I think effectively, at least in my practice, it does a good job of retaining some sentences and some phrases. But repetitive sentences can occur.

Grammars (such as Tracery):

Grammars feel like complete manual writing of the frame of the sentence itself and then randomizing the components in the frame.It is supposed to be the simplest and the furthest from machine learning. It is a completely artificial way to disassemble the sentences inside the samples and find the common points between the sentences and the structure of the sentences. Therefore it is not universal, or it is already a specific trained model by the time it is written.

The beauty of Grammars is that it is completely controllable. You know exactly what the result will be when you write the code. So if you’re willing to spend enough time, it can be a brilliantly realistic piece of work.

What’s really amazing is that I find the process of making it is more like writing than coding, and it’s a very unique experience to write many similar pieces at once.

Character-level Recurrent Neural Networks (such as charRNN):

Finally, it’s time to talk about the machine learning models.
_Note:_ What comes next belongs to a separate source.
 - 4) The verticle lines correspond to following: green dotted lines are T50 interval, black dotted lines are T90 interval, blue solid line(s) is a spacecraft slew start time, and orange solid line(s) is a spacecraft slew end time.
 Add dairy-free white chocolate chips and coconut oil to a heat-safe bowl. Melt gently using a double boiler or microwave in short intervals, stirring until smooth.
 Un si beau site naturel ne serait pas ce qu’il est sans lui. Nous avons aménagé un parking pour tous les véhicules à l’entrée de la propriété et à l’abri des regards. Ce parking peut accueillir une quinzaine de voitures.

The difference between this one and the first two is that it is logically much more complex, so it should work better by definition. And it can adjust the parameters, so it has more control space compared to Markov chain, and more free space compared to Grammar.
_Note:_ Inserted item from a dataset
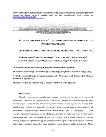 Siminska Joanna, Pietkun Katarzyna, Porzych Piotr, Głowacka Iwona, Grzyb Sebastian, Hagner Wojciech, Grobelska Kinga, Nowacka Krystyna. Udar niedokrwienny mózgu - postępowanie przedszpitalne i wczesnoszpitalne = Ischemic stroke - the procedure prehospital and hospital. Journal of Education, Health and Sport. 2016;6(8):439-453. eISSN 2391-8306. DOI http://dx.doi.org/10.5281/zenodo.60875 http://ojs.ukw.edu.pl/index.php/johs/article/view/3779 The journal has had 7 points in Ministry of Science and Higher Education parametric evaluation. Part B item 755 (23.12.2015). 755 Journal of Education, Health and Sport eISSN 2391-8306 7 © The Author (s) 2016; This article is published with open access at Licensee Open Journal Systems of Kazimierz Wielki University in Bydgoszcz, Poland Open Access. This article is distributed under the terms of the Creative Commons Attribution Noncommercial License which permits any noncommercial use, distribution, and reproduction in any medium, provided the original author(s) and source are credited. This is an open access article licensed under the terms of the Creative Commons Attribution Non Commercial License (http://creativecommons.org/licenses/by-nc/4.0/) which permits unrestricted, non commercial use, distribution and reproduction in any medium, provided the work is properly cited. This is an open access article licensed under the terms of the Creative Commons Attribution Non Commercial License (http://creativecommons.org/licenses/by-nc/4.0/) which permits unrestricted, non commercial use, distribution and reproduction in any medium, provided the work is properly cited. The authors declare that there is no conflict of interests regarding the publication of this paper. Received: 01.08.2016. Revised 08.08.2016. Accepted: 19.08.2016. UDAR NIEDOKRWIENNY MÓZGU - POSTĘPOWANIE PRZEDSZPITALNE I WCZESNOSZPITALNE ISCHEMIC STROKE - THE PROCEDURE PREHOSPITAL AND HOSPITAL Siminska Joanna1, Pietkun Katarzyna1,2, Porzych Piotr1, Głowacka Iwona1, Grzyb Sebastian3, Hagner Wojciech1, Grobelska Kinga4, Nowacka Krystyna1 1 Katedra i Klinika Rehabilitacji Collegium Medicum w Bydgoszczy 2 Katedra Kosmetologii i Dermatologii Estetycznej Collegium Medicum w Bydgoszczy 3 Klinika Neurochirurgii i Neurotraumatologii i Neurochirurgii Dziecięcej Collegium Medicum w Bydgoszczy 4 Klinika Medycyny Ratunkowej Collegium Medicum w Bydgoszczy Streszczenie Choroby naczyniowe ośrodkowego układu nerwowego są jednym z głównych problemów zdrowotnych społeczeństwa XXI wieku, według niezadowalających prognoz statystycznych szósty dorosły mieszkaniec globu dozna w swoim życiu udaru mózgu. Udar niedokrwienny mózgu jest jednostką chorobową, która stanowi jeden z najpoważniejszych problemów współczesnego ratownictwa medycznego jak i medycyny. Dane epidemiologiczne wskazują, że często odwlekany jest moment wezwania zespołu ratownictwa medycznego od czasu zaistnienia pierwszych objawów udaru niedokrwiennego mózgu. Analizy statystyczne przedstawiają, że ponad połowa chorych, która doświadczyła incydentu udarowego, w procesie kompleksowego leczenia wymaga długotrwałej hospitalizacji. Mimo 439 dużego rozwoju jaki dokonał się w medycynie, nadal konieczne jest rozszerzenie wiedzy na temat symptomów i leczenia udarów niedokrwiennych mózgu. Wiedza ta przyczyni się do zmniejszenia śmiertelności pacjentów jak również do szybszego podjęcia odpowiedniego leczenia. Słowa kluczowe: udar niedokrwienny mózgu, medycyna ratunkowa, postępowanie ratunkowe. Summary Vascular diseases of the central nervous system is one of the major health problems of society XXI century, according to statistical forecasts disappointing sixth adult inhabitant of the globe will experience in your life stroke. Ischemic stroke is a disease that is one of the most serious problems of modern medical rescue as and medicine. Epidemiological data indicate that often delayed the moment of the call emergency medical team since the occurrence of the first symptoms of stroke. Statistical analyzes show that more than half of the patients who experienced an incident of impact, in the process of a comprehensive treatment requires prolonged hospitalization. Despite the large development that has taken place in medicine, it is still necessary to increase knowledge about the symptoms and treatment of ischemic stroke. This knowledge will help to reduce mortality of patients as well as to quickly take appropriate treatment. Keywords: ischemic stroke, emergency medicine, emergency procedures. Wystąpienie ostrego incydent mózgowo-naczyniowy jest zawsze stanem bezpośredniego zagrożenia życia, bez względu na stopień nasilenia występujących objawów klinicznych. Udar mózgu niezależnie czy krwotoczny czy też niedokrwienny to proces, który ma dynamiczny przebieg i stabilizacja stanu chorego następuje dopiero po 4–5 dobach od czasu wystąpienia incydentu chorobowego. W początkowej fazie zachorowania, zaobserwować można słabo nasilone objawy deficytu neurologicznego. Jednak objawy te mogą ulec gwałtownej progresji w kolejnych godzinach lub też dniach trwania incydentu chorobowego. Występujące w leczeniu udaru niedokrwiennego mózgu okno terapeutyczne jest wąskie. Sformułowanie to oznacza, iż optymalny czas na pojecie decyzji o włączeniu leczenia trombolitycznego obejmuje pierwsze 4,5 godziny od momentu wystąpienia objawów choroby. Dlatego tak ważne jest szybkie i prawidłowe rozpoznanie objawów chorobowych, 440 szybkość udzielenia pomocy medycznej. Czynniki te są jednym z najważniejszych ogniw łańcucha przeżycia i rokowania pacjenta po udarze mózgu jak i jego późniejszej sprawności funkcjonalnej. Najlepiej sytuację tę obrazuje sformułowanie : „Czas to mózg”. Niezwykle istotnym elementem przeżycia pacjenta jest szybkie rozpoznanie objawów i niezwłoczne podjęcie aktywnego działania ratunkowego. [10] Tabela 2. Typowe objawy udaru mózgu [4] Objaw Asymetria twar

In practice, when it is given a very short sample, because it is at the character level, it is difficult to form words. So the result will be like this:

But if the input sample is long enough, it can also form the correct word, which I think is very impressive. But this time, I found it easy to form a very long sentence (without punctuation), and these words can easily make no sense grammatically. (Meaning it’s not the words themselves but the composition of the sentence that doesn’t make sense).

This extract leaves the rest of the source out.